At the same time, these agitated clusters carry their disordered kinetic energy, “thermal” agitation. We have just seen the mechanism of the thermal boundary layer.
Finally, let us include a few red mariners in the crowd of white. They will be carried with the clusters, and we have just invented the limit layer of diffusion of a species.
We are in a fantasy, and let us benefit from it as far as we can. To finish, let us suppose that this is carnival day; each sailor has a belt equipped with bells.
All the individuals have a different speed, and the impacts are random, all the bells start to jingle, each with a different frequency. The distribution of frequencies will depend on the statistical distribution of speeds (Boltzmann statistics), and the intensity of noise produced will depend on the total agitation energy of the sailors.
We have just understood the basic mechanism of radiation. We have just realized why the theory of radiation needed to use the concepts of statistics derived from the work of Boltzmann – a brilliant pupil of Planck – to produce the emissions spectrum of a black body, for example.
NOTE.– the model is certainly simplistic. The emission comes from quantum transitions in the gas atoms.
Here, we have already deviated from the pure substance of the book, but we could go even further.
Let us suppose that our agitated sailors are in a room with one mobile wall (a nightmare scenario frequently seen on the silver screen).
The incessant impacts of the fighters on this wall create a force that pushes it. This force, reduced to a surface unit, explains the notion of pressure.
By pushing against this wall, our crowd applies work that is greater than the resistance.
Here we see an equivalence spring up between work and heat that, at a fundamental level, are simply two mechanical energies: one ordered and the other disordered. The first principle of thermodynamics is illustrated by this.
We can see that the incidence of an average blow on the wall is rarely normal.
Therefore, an average fighter will have a trajectory that will be reflected off the wall. And only the normal component of its speed will be able to push (or transfer work to) the wall.
Thus, we see that it will be impossible for the crowd (taken to mean a gas) to give all its energy to a mobile wall.
The fundamental mechanism that leads to the second principle of thermodynamics has just been demonstrated.
These “light-hearted” images, which will perhaps not please everyone, were an oral support for the presentation of different transport phenomena by one of the authors. We hope that the reader, once they have studied this book, will want to return to this text. They will then have understood, we hope, the images that lead to the development of thermodynamics.
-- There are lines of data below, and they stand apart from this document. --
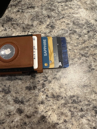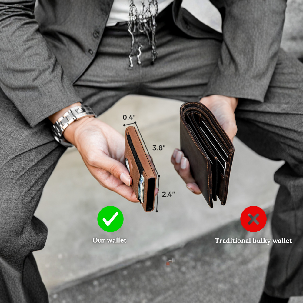 SS. McCaslinVerified BuyerGreat minimal wallet with place for an Air-Tag"This slim wallet with its air-tag holder is a great invention. The wallet is well-made and should last a long time. It is all leather and so slim it can fit easily into a pocket. The wallet itself is impressive. My nephew fell in love with it. He immediately put an air tag into the built-in holder - it works as it should and easily fits into his pocket while working. He prefers it over his other wallets. The cards stay in place and the air tag alerts if it’s left behind. This is a well-thought-out and made product for men who need a small, but easily findable wallet."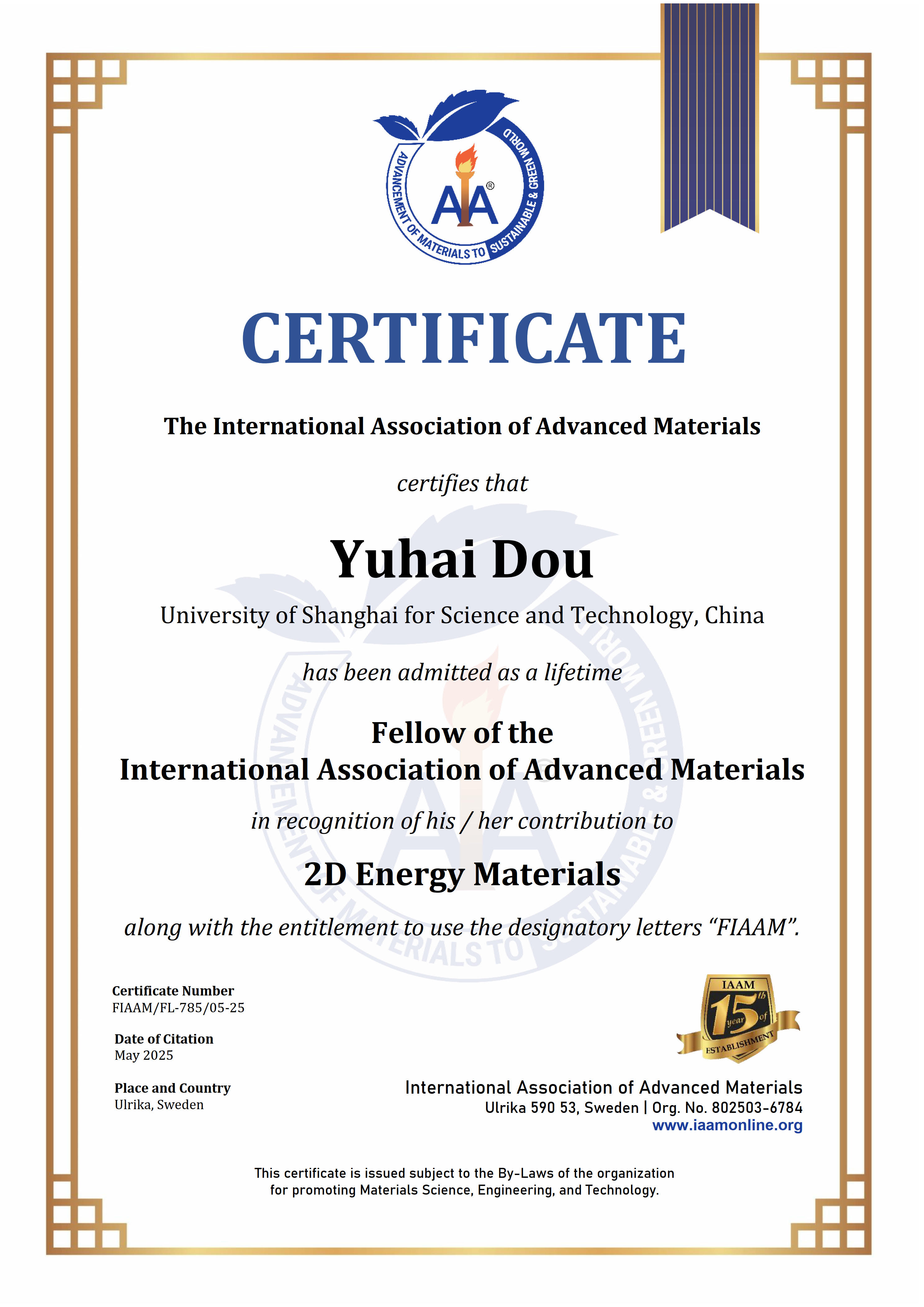 5月28日,上海理工大學(xué)能源材料科學(xué)研究院副院長竇玉海教授被國際先進(jìn)材料協(xié)會(huì)(IAAM, International Association of Advanced Materials)授予“終身會(huì)士”(Lifetime Fellow)榮譽(yù)稱號(hào),以表彰他在新能源材料領(lǐng)域,尤其在原子級(jí)超薄材料方向的前沿探索與貢獻(xiàn)。這是竇玉海教授繼2021年獲頒"IAAM青年科學(xué)家獎(jiǎng)?wù)拢↖AAM Young Scientist Medal)"后,該國際權(quán)威學(xué)術(shù)組織對其科研成就和貢獻(xiàn)的再度認(rèn)可。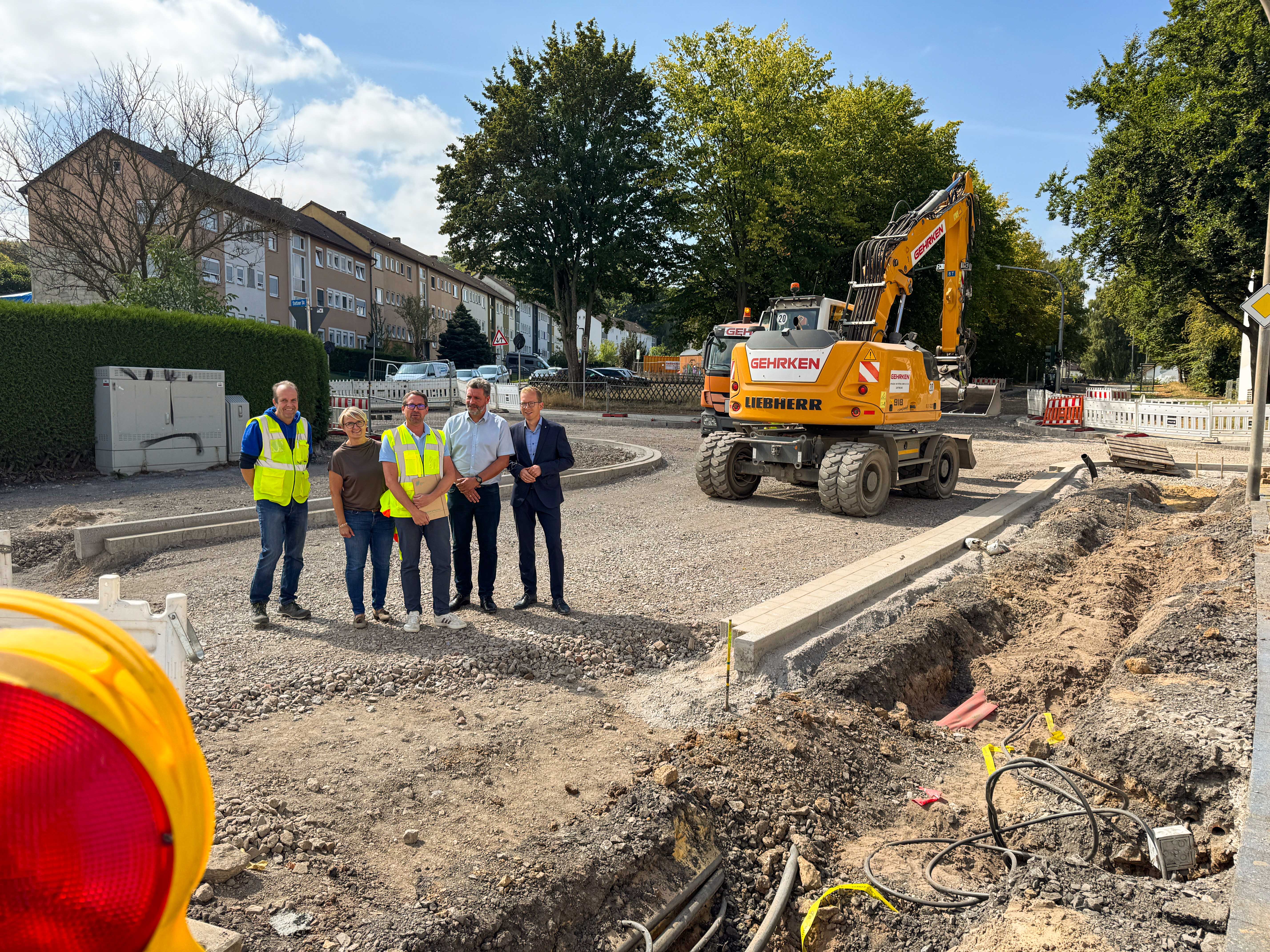 Bei der mehrjährigen Erneuerung der Zeppelinstraße und Pestalozzistraße gehen die Arbeiten sichtbar voran. Davon berichten (v.l.) Projektleiter Volker Block, Teamleiterin Straßenbau Beate Schmid, Tobias Fälker (Fachdienstleiter Verkehrsplanung und Straßenbau), Sven Köser (Fachbereichsleiter Bauen) und Bürgermeister Christian Schweitzer.

And if this text has a moral, it would be: Writing down thermodynamics, just like thermal science, is based on continuous equations. The fundamentals of physics that determine these phenomena arise from the field of the discontinuous: discontinuity of matter, divided into particles; discontinuity of light, divided into photons.
1
The Problem of Thermal Conduction: General Comments
1.1. The fundamental problem of thermal conduction
The fundamental problem of thermal conduction involves the determination of temperature domains and flows across particular surfaces, for a given physical situation, in one or several given environments.
The resolution of a thermal conduction problem involves:
1 a) for all problems, a heat equation is considered, resulting from a local heat balance;
2 b) for specific conditions of the problem, the conditions are constituted at the limits that are applied to the heat equation.
In the most general case, these temperature domains T are not homogeneous. They can be three-dimensional and variable over time:
In other systems, we note that T = T (r, θ, z, t) or T = T (r, θ, Φ, t).
Temperature is expressed in degrees Celsius (°C), formerly degrees centigrade, or in Kelvin (K).
We know that the temperature, expressed in Kelvin, is measured from absolute zero. The conversion rule is known as: T K = T C + 273.15.
The most general problem presented in thermal conduction is therefore extremely complex, since the heat equation has four dimensions (three in space and one in time).
Fortunately, significant simplifications are possible for many problems.
The temperature field can only depend on a spatial variable. We say that conduction is monodimensional or bidimensional.
The temperature can remain fixed at each point as time progresses.
This last remark divides the approach that we will adopt into two parts:
– stationary conductive heat transfer;
– non-stationary conductive heat transfer.
Two important categories will be examined in this chapter:
– problems of stationary conduction with a single dimension: T = T(x) or T = T(r)
– problems of non-stationary conduction with a single dimension: T = T (x,t) or T =T (r,t)
For many problems, the analytical approach is possible. This will be the case, in particular, for the stationary or non-stationary problems with a single dimension. In (most) other cases, a numerical approach is required.
1.2. Definitions
1.2.1. Temperature, isothermal surface and gradient
The temperature T is a parameter defined in all thermodynamics classes.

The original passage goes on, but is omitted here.